* [Assignment] Once the pictures are set aside, transcribe each line of the data exactly.

Stored items:

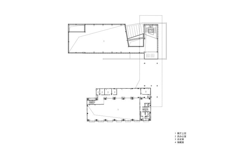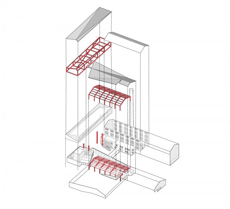 从与原有建筑空间和结构的对话开始,挖掘置入的新功能空间的主题特征,在自身合理组织的同时也时刻跟原有结构体系产生碰撞与磨合。两座保留建筑之间增加的矩形结构,使它们在空中伸展直至交汇,最终形成一个公共庭院。这种介入方式不仅构建了一个新的楼层,还为建筑赋予了一个具有凝聚力的中央区域,人们可以在这里散步、停歇或举办集市和表演活动。
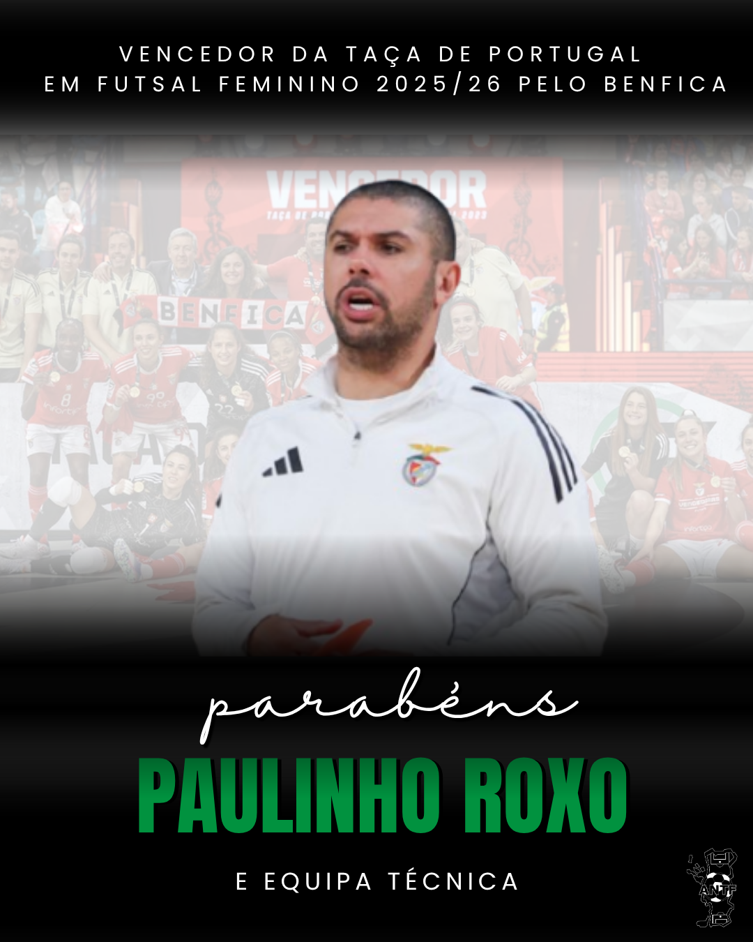 A Associação Nacional de Treinadores de Futebol felicita o treinador Paulinho Roxo e toda a sua equipa técnica pela conquista da Taça de Portugal de Futsal Feminino, ao serviço do Sport Lisboa e Benfica.
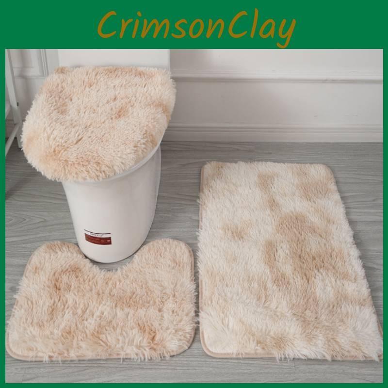 Dye Non Tie Slip Mat Fluffy Plush Bathroom Toilet Seat Cover Carpet 3 Set Piece
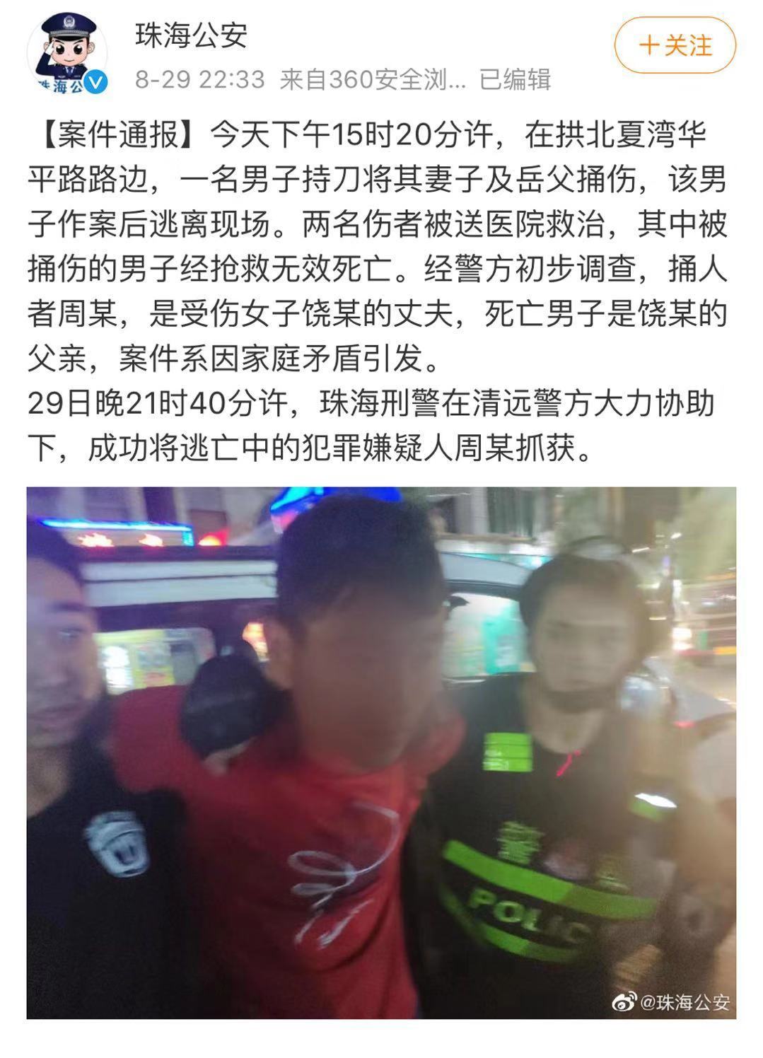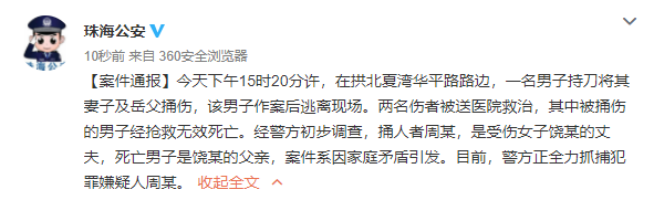 29日下午15时20分许,在拱北夏湾华平路路边,一名男子持刀将其妻子及岳父捅伤,该男子作案后逃离现场。两名伤者被送医院救治,其中被捅伤的男子经抢救无效死亡。经警方初步调查,捅人者周某,是受伤女子饶某的丈夫,死亡男子是饶某的父亲,案件系因家庭矛盾引发。目前,警方正全力抓捕犯罪嫌疑人周某。
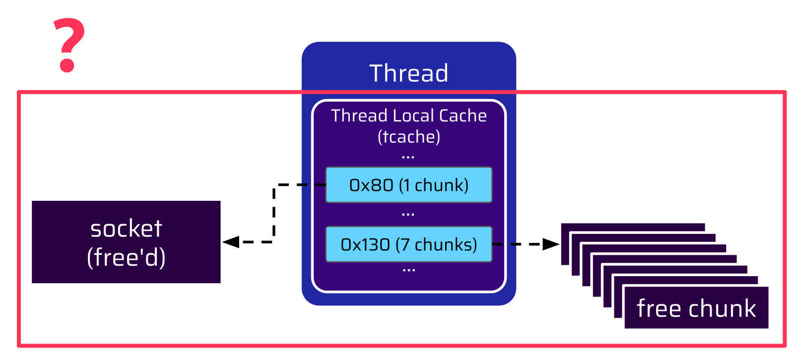 But then we were wondering: Since the thread terminates… What is actually happening to its tcache data structure?

* [Answer area]
 从与原有建筑空间和结构的对话开始,挖掘置入的新功能空间的主题特征,在自身合理组织的同时也时刻跟原有结构体系产生碰撞与磨合。两座保留建筑之间增加的矩形结构,使它们在空中伸展直至交汇,最终形成一个公共庭院。这种介入方式不仅构建了一个新的楼层,还为建筑赋予了一个具有凝聚力的中央区域,人们可以在这里散步、停歇或举办集市和表演活动。
 A Associação Nacional de Treinadores de Futebol felicita o treinador Paulinho Roxo e toda a sua equipa técnica pela conquista da Taça de Portugal de Futsal Feminino, ao serviço do Sport Lisboa e Benfica.
 Dye Non Tie Slip Mat Fluffy Plush Bathroom Toilet Seat Cover Carpet 3 Set Piece
 29日下午15时20分许,在拱北夏湾华平路路边,一名男子持刀将其妻子及岳父捅伤,该男子作案后逃离现场。两名伤者被送医院救治,其中被捅伤的男子经抢救无效死亡。经警方初步调查,捅人者周某,是受伤女子饶某的丈夫,死亡男子是饶某的父亲,案件系因家庭矛盾引发。目前,警方正全力抓捕犯罪嫌疑人周某。
 But then we were wondering: Since the thread terminates… What is actually happening to its tcache data structure?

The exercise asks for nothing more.